Periodic Reporting for period 5 - STYDS (Seeing things you don't see: Unifying the philosophy, psychology and neuroscience of multimodal mental imagery)

Berichtszeitraum: 2023-09-01 bis 2024-08-31

When I am looking at my coffee machine that makes funny noises, this is an instance of multisensory perception – I perceive this event by means of both vision and audition. But very often we only receive sensory stimulation from a multisensory event by means of one sense modality. If I hear the noisy coffee machine in the next room (without seeing it), then how do I represent the visual aspects of this multisensory event?

The aim of this research project is to bring together empirical findings about multimodal perception and empirical findings about (visual, auditory, tactile) mental imagery and argue that on occasions like the one described in the last paragraph, we have multimodal mental imagery: perceptual processing in one sense modality (here: vision) that is triggered by sensory stimulation in another sense modality (here: audition).

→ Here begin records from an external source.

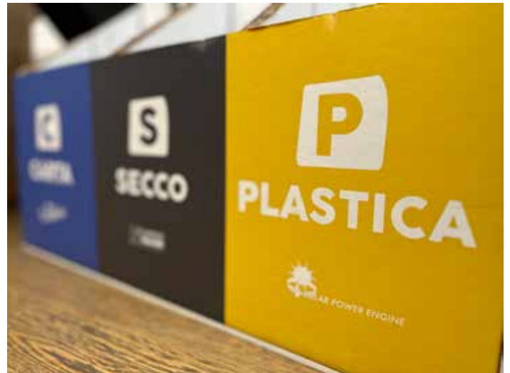
Bidoni per la raccolta differenziata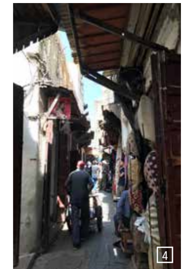
1) Volubilis, 2) Königlicher Palast in Fes, 3 + 4) In den Strassen von Fes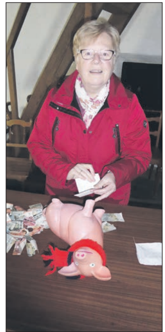
Das Sparschwein wurde „geschlachtet“.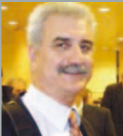
Γιάννης Μαχαιρίδης Ο πρώτος εκλεγμένος Περιφερειάρχης Νοτίου Αιγαίου

Η εφαρμογή του Προγράμματος Καλλικράτης (Νόμος 3852/2010) αλλάζει τα δεδομένα στη λειτουργία του Κράτους και της Αυτοδιοίκησης. Με τους νέους θεσμούς της αιρετής περιφερειακής αυτοδιοίκησης και της αποκεντρωμένης διοίκησης και τη μεταφορά νέων αρμοδιοτήτων από το κράτος στην περιφέρεια, σημαντικές είναι οι αλλαγές και στη διαχείριση των Προγραμμάτων του ΕΣΠΑ.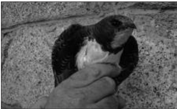
Vencejo real ( Apus melba ) adulto recogido en Cuatro Vientos el 27 de octubre (foto: Patricia Orejas/Brinzal).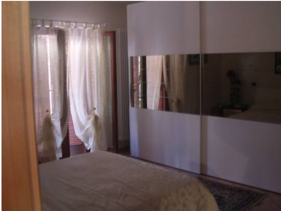
Vista camera piano primo

Multimodal mental imagery is rife. The vast majority of what we perceive are multisensory events: events that can be perceived in more than one sense modality – like the noisy coffee machine. And most of the time we are only acquainted with these multisensory events via a subset of the sense modalities involved – all the other aspects of these events are represented by means of multisensory mental imagery. This means that multisensory mental imagery is a crucial element of almost all instances of everyday perception, which has wider implications to philosophy of perception and beyond, to epistemological questions about whether we can trust our senses.

Focusing on multimodal mental imagery can help us to understand a number of puzzling perceptual phenomena, like sensory substitution and synaesthesia. Further, manipulating mental imagery has recently become an important clinical procedure in various branches of psychiatry as well as in counteracting implicit bias – using multimodal mental imagery rather than voluntarily and consciously conjured up mental imagery can lead to real progress in these experimental paradigms.
The research on mental imagery in general and on multimodal mental imagery in particular involved a lot of interdisciplinary collaboration, with psychologists and neuroscientists, and the aim of achieiing an understanding of these mental phenomena heavily depended on integrating findings from psychology and neuroscience with philosophy. This general interdisciplinary approach was maintained also in the publications that resulted from the project, including the monograph by the PI on the topic of the ERC project, which was published in 2023 by Oxford University Press. The title of this book is Mental Imagery: Philosophy, Psychology, Neuroscience and it has several book symposia already devoted to it. The interdisciplinarity of the project is also evident in the special issue of Philosophical Transactions of the Royal Society B on the topic of the grant, which was published in 2021 (title: Offline perception), edited by a philosopher (the PI), a psychologist (Peter Fazekas) and a neuroscientidd (Joel Pearson). The results of the research were also communicated to non-expert audiences, for example, by giving talks to large non-specialized audiences, like the Hay-on-Wye festival (UK) or the National Portrait Gallery (UK), by interviews in popular venues like the magazine Der Spiegel (Germany), or GQ (UK), as well as by a TED-Ed video.
An unexpected outcome of the ERC-funded project was the development of ways in which this research could help with the navigational skills of visually impaired people, by keeping their visual cortices intact (which is achieved by mental imagery training). The PI was awarded an ERC Proof of Concept grant to work on this socially very relevant application of the original research.